Preguntas frecuentes sobre despido improcedente en España
Materia laboral sobre extinción del contrato, derechos del trabajador e indemnizaciones.
Definición
El despido improcedente en España es una calificación jurídica que se otorga a la extinción de un contrato de trabajo por decisión unilateral del empleador cuando esta no se ajusta a las causas legalmente establecidas o no cumple con los requisitos formales exigidos por la normativa laboral. Es decir, se produce cuando el empresario no consigue acreditar la causa alegada para el despido (en el caso de un despido disciplinario u objetivo) o cuando no ha cumplido con las formalidades esenciales que la ley exige para su validez, como la entrega de la carta de despido con los hechos imputados y la fecha de efectos.

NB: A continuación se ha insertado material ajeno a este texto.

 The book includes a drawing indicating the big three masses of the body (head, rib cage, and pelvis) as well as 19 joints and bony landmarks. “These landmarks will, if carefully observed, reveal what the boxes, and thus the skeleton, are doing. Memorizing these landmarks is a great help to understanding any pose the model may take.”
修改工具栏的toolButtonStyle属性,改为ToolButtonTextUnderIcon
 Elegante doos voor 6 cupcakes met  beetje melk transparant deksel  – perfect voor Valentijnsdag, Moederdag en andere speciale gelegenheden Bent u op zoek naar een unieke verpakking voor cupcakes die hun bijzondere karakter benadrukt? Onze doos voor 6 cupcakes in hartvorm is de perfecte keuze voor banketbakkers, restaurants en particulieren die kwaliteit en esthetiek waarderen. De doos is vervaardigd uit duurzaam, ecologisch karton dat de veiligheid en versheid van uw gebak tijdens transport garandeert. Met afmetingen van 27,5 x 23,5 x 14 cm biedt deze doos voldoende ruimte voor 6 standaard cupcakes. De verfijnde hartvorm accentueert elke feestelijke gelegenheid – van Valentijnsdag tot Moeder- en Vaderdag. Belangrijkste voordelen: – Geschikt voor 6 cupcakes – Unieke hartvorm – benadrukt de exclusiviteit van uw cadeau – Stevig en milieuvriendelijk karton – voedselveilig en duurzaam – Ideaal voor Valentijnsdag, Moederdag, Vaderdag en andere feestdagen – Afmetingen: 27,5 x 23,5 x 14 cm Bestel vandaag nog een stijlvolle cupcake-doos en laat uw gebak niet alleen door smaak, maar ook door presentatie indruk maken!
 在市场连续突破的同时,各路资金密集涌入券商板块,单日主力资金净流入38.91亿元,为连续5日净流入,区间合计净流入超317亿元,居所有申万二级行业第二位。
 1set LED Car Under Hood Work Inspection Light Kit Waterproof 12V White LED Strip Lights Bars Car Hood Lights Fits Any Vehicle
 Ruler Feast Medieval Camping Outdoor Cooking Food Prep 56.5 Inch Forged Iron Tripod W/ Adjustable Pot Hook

La declaración de improcedencia de un despido la realiza un juez de la jurisdicción social tras un procedimiento judicial iniciado por el trabajador. Una vez declarada la improcedencia, la ley otorga al empresario un plazo de cinco días para optar entre la readmisión del trabajador en su puesto de trabajo, en las mismas condiciones que tenía antes del despido, o el abono de una indemnización económica. Esta elección es crucial y tiene consecuencias directas tanto para el trabajador como para la empresa.
En caso de optar por la readmisión, el empresario debe abonar los salarios de tramitación, que son aquellos devengados desde la fecha del despido hasta la notificación de la sentencia que declara la improcedencia o hasta que se produzca la efectiva readmisión. Si el empresario opta por la indemnización, esta se calcula en función de la antigüedad del trabajador en la empresa y del salario, siguiendo las reglas establecidas en el Estatuto de los Trabajadores, diferenciando entre periodos anteriores y posteriores a la reforma laboral de 2012.
Contexto histórico y social
La regulación del despido en España ha sido históricamente un reflejo de las tensiones entre la protección del trabajador y la flexibilidad empresarial, un debate que ha marcado la evolución del mercado laboral desde la Transición democrática. Durante las primeras décadas de la democracia, la legislación laboral, influenciada por los principios del Estado social y democrático de derecho consagrados en la Constitución de 1978, tendía a una mayor protección del empleo, haciendo el despido más costoso y complejo para las empresas.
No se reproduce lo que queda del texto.